A Thousand Ships by Natalie Haynes

Mantle, 2019, 348 p plus 5 p List of characters, 5p Afterword and 2 p Acknowledgements.

This novel’s title is not particularly apposite – though it does allude to its subject, those Greek tales of the Trojan War – as it barely mentions the legendary ships at all. Instead, its focus is on the women caught up in that conflict and more or less sidelined in all the years since they were first written about. And not simply, like Pat Barker’s Women of Troy sequence, on the Trojan women, but also on the those the Greeks left behind and the Muses and Goddesses said to have influenced affairs.
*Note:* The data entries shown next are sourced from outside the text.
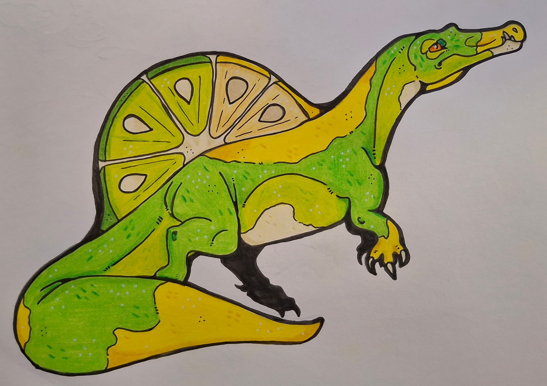 Instead of doing an even split (although a split down the middle chimera design would SLAP), I made this a chimera/paradox dude, mostly lime with lemon paradoxing for spice (totally not because I only have 3 yellow-skewed colored pencils hahaha)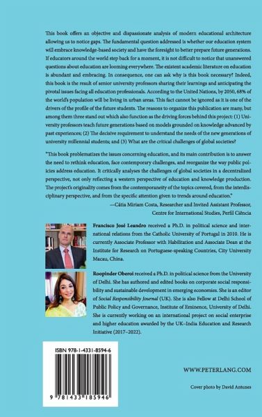 This book offers an objective and dispassionate analysis of modern educational architecture allowing us to notice gaps. The fundamental question addressed is whether our education system will embrace knowledge-based society and have the foresight to better prepare future generations. If educators around the world step back for a moment, it is not difficult to notice that unanswered questions about education are looming everywhere. The existent academic literature on education is abundant and embracing. In consequence, one can ask why is this book necessary? Indeed, this book is the result of senior university professors sharing their learnings and anticipating the pivotal issues facing all education professionals. According to the United Nations, by 2050, 68% of the world's population will be living in urban areas. This fact cannot be ignored as it is one of the drivers of the profile of the future students. The reasons to organize this publication are many, but among them three stand out which also function as the driving forces behind this project: (1) University professors teach future generations based on models grounded on knowledge advanced by past experiences; (2) The decisive requirement to understand the needs of the new generations of university millennial students; and (3) What are the critical challenges of global societies?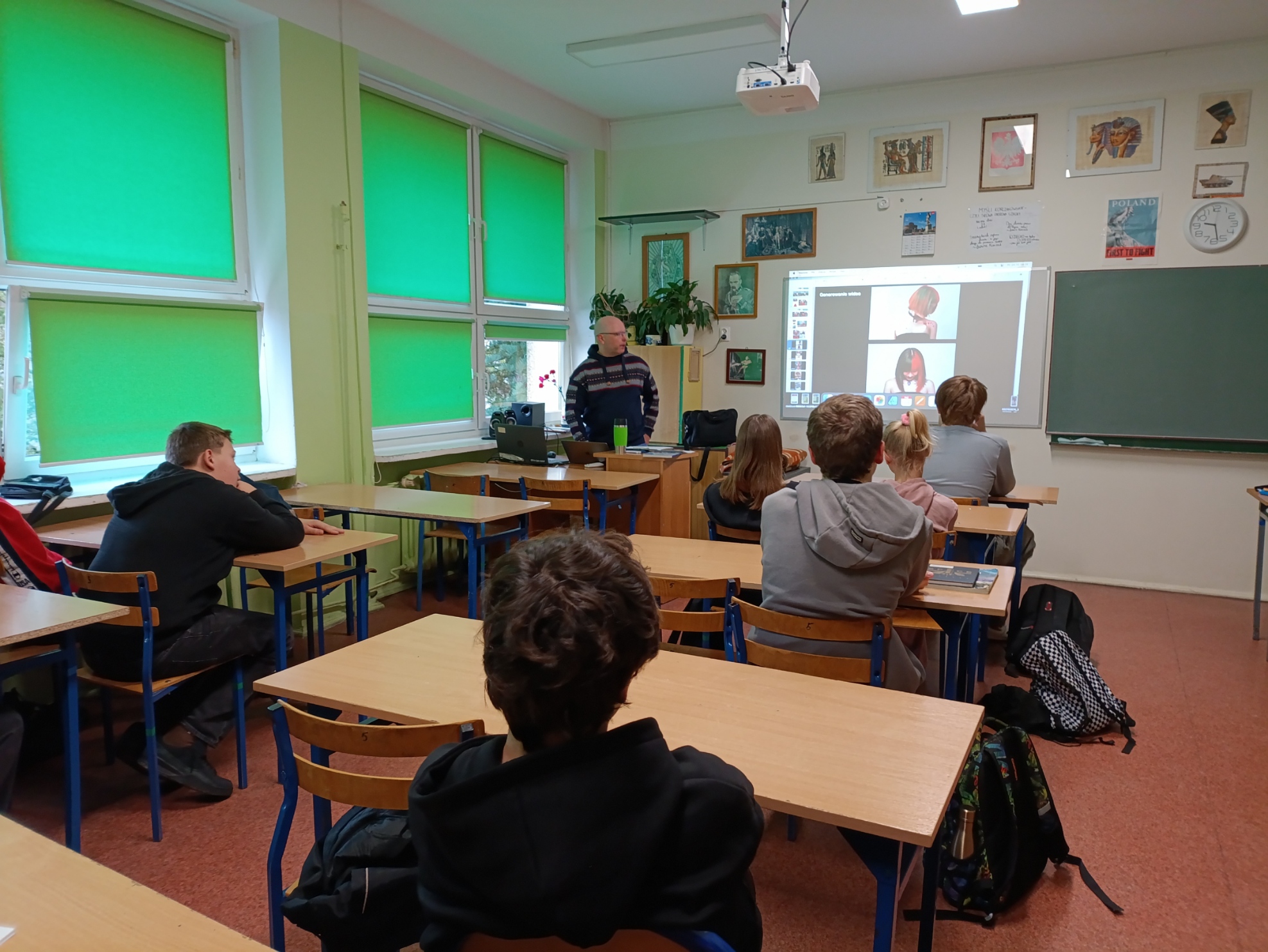 W dniu 24 października uczniowie klas ósmych mieli okazję odbyć godzinne szkolenie z panem Kamilem Wiśniewskim z fundacji zajmującej się bezpiecznym korzystaniem z Internetu, a właściwie z mediów społecznościowych. Młodzi ludzie żyją dziś na pograniczu świata rzeczywistego, a tego wykreowanego w środkach masowego przekazu. Dzięki tym zajęciom dowiedzieli się jak weryfikować informacje dostępne w sieci? Na co zwracać uwagę, aby mieć pewność, że newsy, które do nich docierają, są prawdziwe. Możliwości jakie daje dziś korzystanie ze sztucznej inteligencji są niesamowite. Jednakże trzeba pamiętać, że nie każdy używa AI w dobrych celach. W mediach pojawiają się często przekazy informacji odbiegające dalece od rzeczywistości, a ich weryfikacja staje się coraz trudniejsza. Czy potrafimy sobie z tym poradzić? Czy staniemy się zakładnikami mediów? Warto zadawać sobie takie pytania. To szkolenie trafiało w sedno problemu i w moim mniemaniu, należałoby je powtarzać co kilka miesięcy.

Thus we have the muse Calliope irritated by the importunings of “the poet” for her to sing for him of the events he wishes to describe (Haynes thereby echoing the usual translation of the Iliad’s opening line, “Sing, Muse, of the wrath of Achilles.”) Creusa, woken by the tumult of the city’s fall, fearing for her five-year-old son and wondering where her husband Aeneas has got to. The captured Trojan women on the shore by the Greek camp, their travails only beginning but intermittently returned to through the narrative. Penthesilea the Amazon, fighting for Troy against the Greeks to atone for being responsible for the death of her sister. Penelope, writing increasingly tetchy letters to her husband Odysseus as his long absence is exacerbated by failure to return promptly on the war’s end and then prolonged on – and on and on – (the poet’s missives suggesting he will use any excuse not to come home.) Chryseis, the daughter of Apollo’s priest, who is befriended by Briseis in shared adversity. The sea-nymph Thetis, mother of Achilles, bemoaning her forced marriage to a mortal and her son’s own mortality. Laodamia begging her husband Protesilaus not to be the first onto the beach at Troy, though she knew he would be. Iphigenia, tricked by her father Agamemnon’s promise of marriage to Achilles into being sacrificed for a favourable wind to set sail for Troy. Aphrodite, Hera and Athene using wiles and false promises to trick Paris into his famous judgement. Oenone, who rescued Paris as a baby after he was abandoned due to the prophecy that he would cause Troy’s downfall. Eris, goddess of strife, setting up the business with the golden apple. Hecabe, Queen of Troy, struggling to accept her new diminished status but still able to revenge at least one of her dead sons. Her daughter Polyxena, accepting her fate with stoic dignity. Cassandra, cursed to see the future as the present and not to have her visions believed. The goddess Gaia resenting the ravages humans wreak on the Earth. Clytemnestra nursing her fury at Iphigenia’s death and preparing her vengeance for it for ten long years. The three Fates spinning the threads of mortals’ lives. Andromache slowly coming to terms with her new life as a slave.

Not a straightforward linear narrative, then, and the many viewpoints and scenes mean the whole thing comes across as fractured and a bit scattershot. This stands in contrast to Haynes’s previous novel The Children of Jocasta which was more tightly focused. The lack of linearity of the storyline works, though, and Haynes clearly has a deep knowledge of her source material.

Her main point, that the sufferings and endurance of the women of these wars (and by extension the women of any war) are as – or even more – heroic than any acts carried out by warriors is certainly worth considering.

Pedant’s corner:- “Odysseus’ nurse” (Odysseus’s,) “Aeneas’ heart” (Aeneas’s,) Briseis’ back” (Briseis’s,) Chryses’ character (Chryses’s,) all names ending in ‘s’ are given s’ rather than s’s for their possessives, “to staunch your bleeding” (stanch,) “each head will open its gaping maw” (stomachs are not usually located on heads,) “‘that Hector deserved to die.’ she said” (‘that Hector deserved to die,’ she said’,) “not known to have expressed regret for any cruelty he had perpetuated against anyone” (he had perpetrated against anyone.)